In the alternative, the plaintiff’s expert opined that the defendant OB was initially made aware of the wife’s abdominal pain and worsening contractions, but he nonetheless failed to recognize these symptoms, diagnose abruption, and order cesarean section before the child’s vital signs worsened, thereby breaching the standard of care (had there been such a timely diagnosis and delivery as required by the standard of care, the child would have survived in reasonable medical probability).
The plaintiff’s expert opined that the defendant OB’s failure to order continuous fetal monitoring resulted in the late detection of worsening vital signs, further delaying the decision to perform a cesarean section. Instead, the defendant OB ordered an ultrasound which resulted in the discontinuation of monitoring for a lengthy interval. An ultrasound may be useful, but it is not reliable enough to consistently diagnose nor exclude abruption. Therefore, valuable time should not be lost in performing an ultrasound examination in the presence of fetal distress.
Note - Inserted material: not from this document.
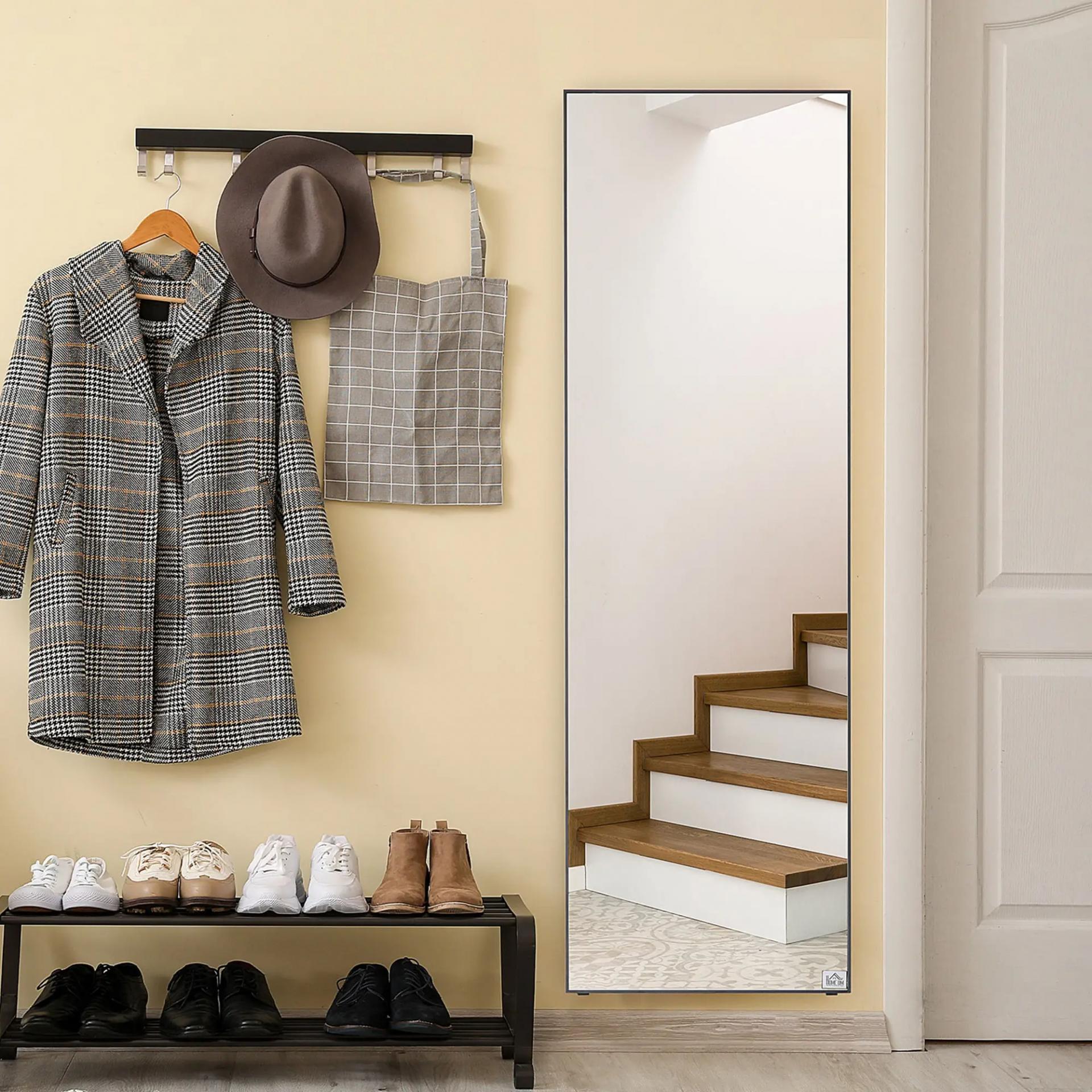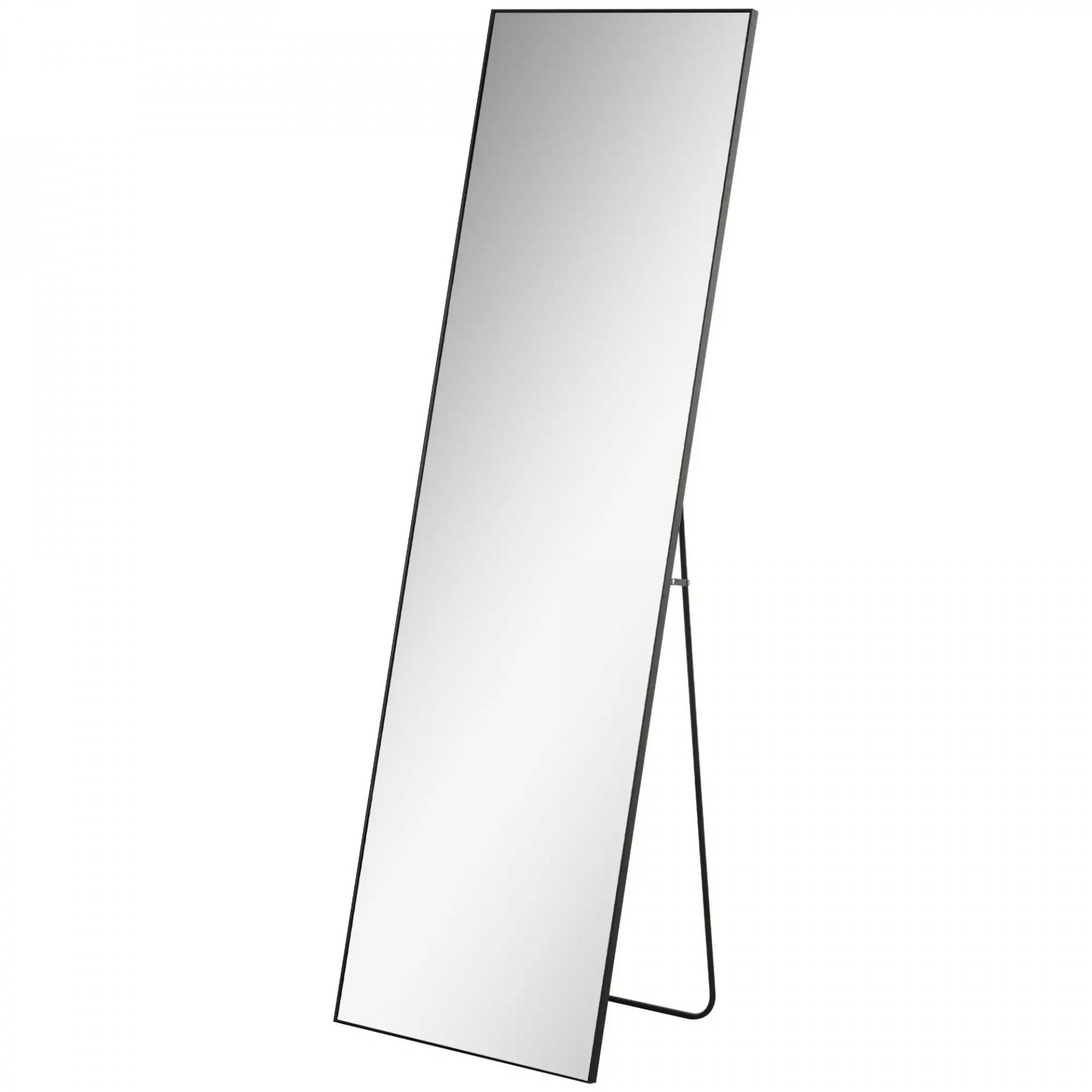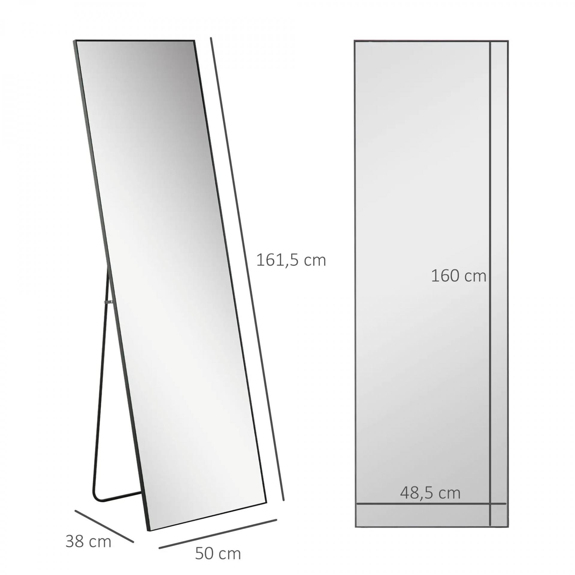 Espejo de Pie Cuerpo Entero de Aleación de Aluminio Espejo de Pared con 2 Formas de Uso Rectangular 50x161,5x2 cm Negro

The fetal vital signs deteriorated at some point after the discontinuation of monitoring at 11:43 p.m. If continuous monitoring had been in place, the earlier detection of warning signs would have in reasonable probability led to cesarean delivery before 12:30 a.m.—a time which was not too late to save the child’s life, given the observed fetal heart rate of 120 beats per minute when monitoring resumed at 12:30 a.m.
The Texas Appellate Court held that the trial court could have reasonably concluded that the detailed opinions in the plaintiff’s expert’s report informed the defendant OB of the conduct called into question and provided a basis to show the claim’s merit: it was not arbitrary or unreasonable for the trial court to conclude that the report constituted a good faith effort to provide a fair summary of the expert’s opinions on breach and causation, the only two elements challenged by the defendant OB.